DONEPatch applied, worker restarted, DAG resumes. Total cost: $0.07 (one Claude call). Total Diane time: 30 sec.

Why this matters as a Generative AI engineering pattern

The default architecture for "LLMs in production" is to put the LLM in the hot path — every event flows through it. That works at MVP scale and breaks at production scale: the LLM becomes the most expensive, slowest, least reliable layer in the system.

The fix is to tier the system by determinism. Layers that can be deterministic should be — they're cheaper, faster, and more reliable. Reserve the LLM tier for events where the cost of human reasoning would otherwise be required, and bound that tier (5K tokens in, 2K out, single response) so cost is predictable.
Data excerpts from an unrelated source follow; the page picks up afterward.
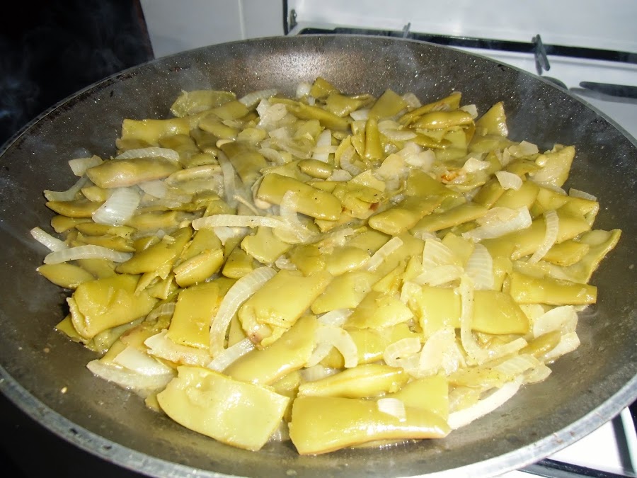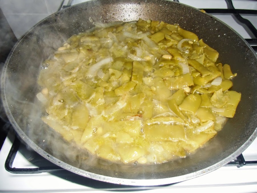 En cuanto la cebolla esté pochada añadimos las judías verdes y un poco de pimienta negra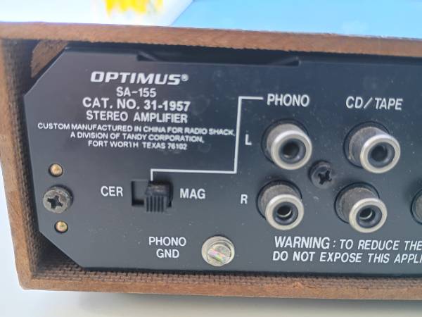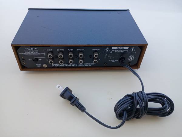 Vintage Optimus (Radio Shack / Realistic) stereo amp. Versatile unit for a starter or spare stereo component system to run a tuner, CD player, tape deck, etc., or if you need to hook up a turntable and your receiver doesn't have a phono pre-amp. Great condition, works well. Cash only, please.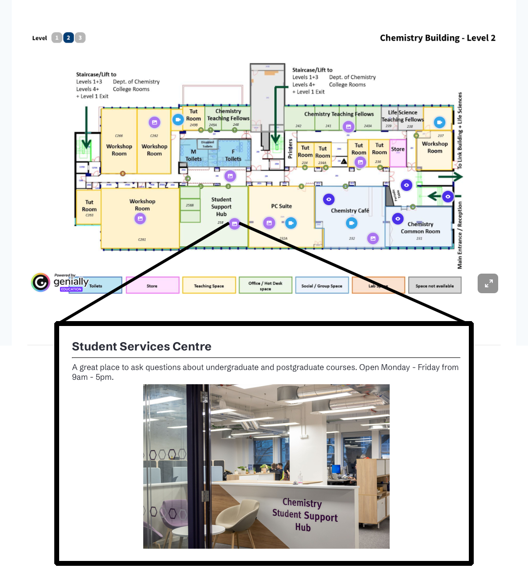 Perhaps unexpectedly, one of the most heavily used aspects of the website is the interactive ‘Finding Your Way Around’ map. Intended to help navigation and space familiarisation, using Genially allowed us to embed photos, 360° panoramas, and videos of students talking about the nature of teaching activities in areas to get a sense of the physical environments and their purpose. We’ve found this has had wider benefits for inclusivity, allowing students and staff to find their way around more quickly, even if they are unable to visit the campus in advance. It has also been useful for students with disabilities to support space familiarisation; confidence with what to expect from spaces can be particularly useful for neurodivergent students [5].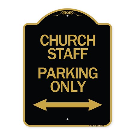 Church Staff Parking Only With Bidirectional Arrow, Black & Gold Aluminum Architectural Sign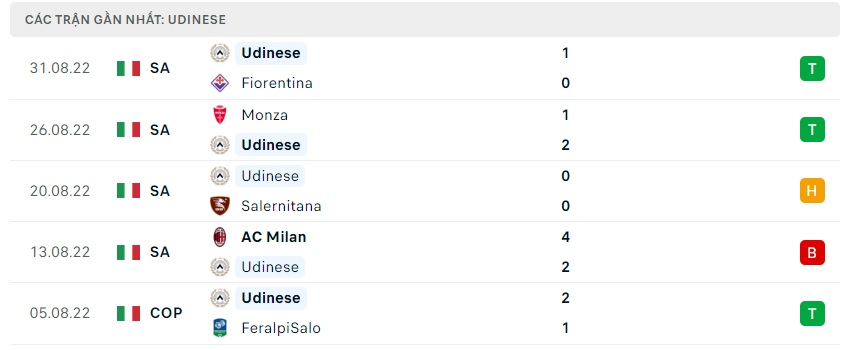 Phong độ gần đây Udinese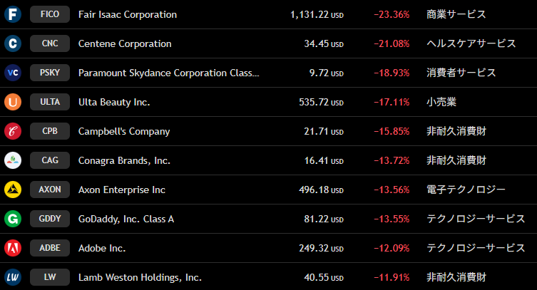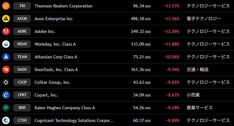 ナスダック 週間下落ランキングトップ10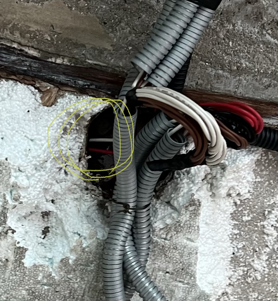 사진이 작아서 잘 안 보입니다만, 대부분의 전선은 거실에서 벽 타공해서 들어왔어요. 두 가닥 전선이 외부등인데, 기존 천정 슬라브에 매설된 관을 통해 밖으로 나갔습니다. 이럴 경우 결로로 인한 누수 위험이 있을까요?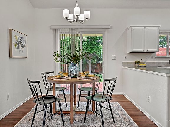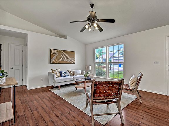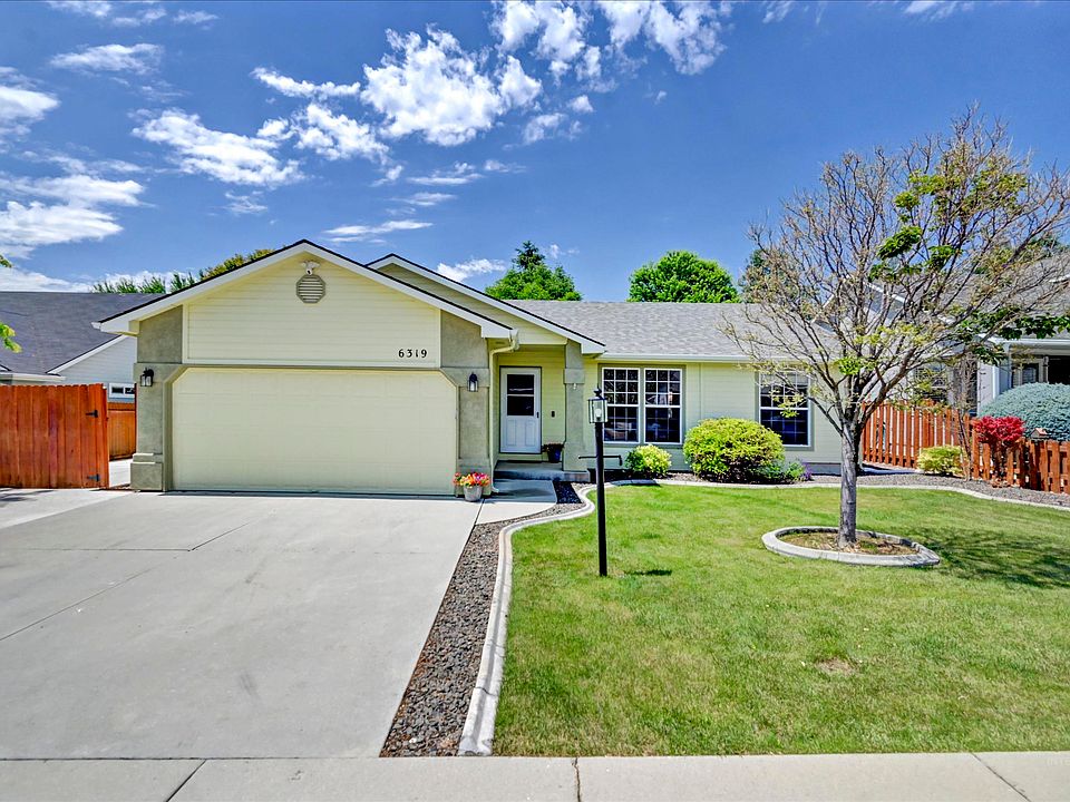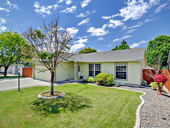 Charming single-level home with plenty of parking on a peaceful, quiet street! Enter to a spacious open-concept floor plan with fresh paint, vaulted ceilings, & abundant natural light. The large kitchen features a breakfast bar, stainless appliances, & a huge pantry! The convenient split-bedroom layout includes a primary ensuite, two additional bedrooms with new carpet, plus a bonus room ideal for use as a play room, media space, or office! Step outside to the beautifully designed backyard retreat featuring a spacious covered patio, custom pergola, large deck, & a well-maintained lawn shaded by mature trees. A charming swing & garden shed add function & character, while a fully fenced side area includes a concrete RV pad, a gravel dog run, & raised garden bed for veggies and flowers — ideal for relaxing, entertaining, or playing outdoors! Plus, just down the block you’ll find the entrance to a lovely park with picnic tables, a basketball hoop, & a well-equipped playground. A brand new roof clinches the deal!

This is the same pattern that makes good caching architectures work — except the "cache" here is determinism itself. L1 and L2 are the cache; L3 is the cache miss. The goal is a 90%+ hit rate at L1+L2 so L3 is rare and L4 is rarer still.

Cost math

Tier Frequency (estimated) Per-incident cost Cost / week
L1 probes 1 firing / hour avg $0 $0
L2 recipes ~80% of L1 firings → resolved here $0 $0
L3 Claude routine ~5–10 incidents/week (the L2 misses) $0.05–$0.20 ~$0.50–$2.00
L4 Telegram tap ~1–3 / week 30 sec human time ~5 min
L5 weekly digest 1 / week 15 min human time 15 min
Result: 12 deliverables (D1–D12) shipped + merged 2026-05-01.
61-probe failure-mode catalog covers all known production failure modes.
LLM cost capped at single-digit dollars per week; LLM is invoked only when deterministic tiers have already failed.
Diane sits at L4, not L1 — escalation flow ends with her, doesn't start with her.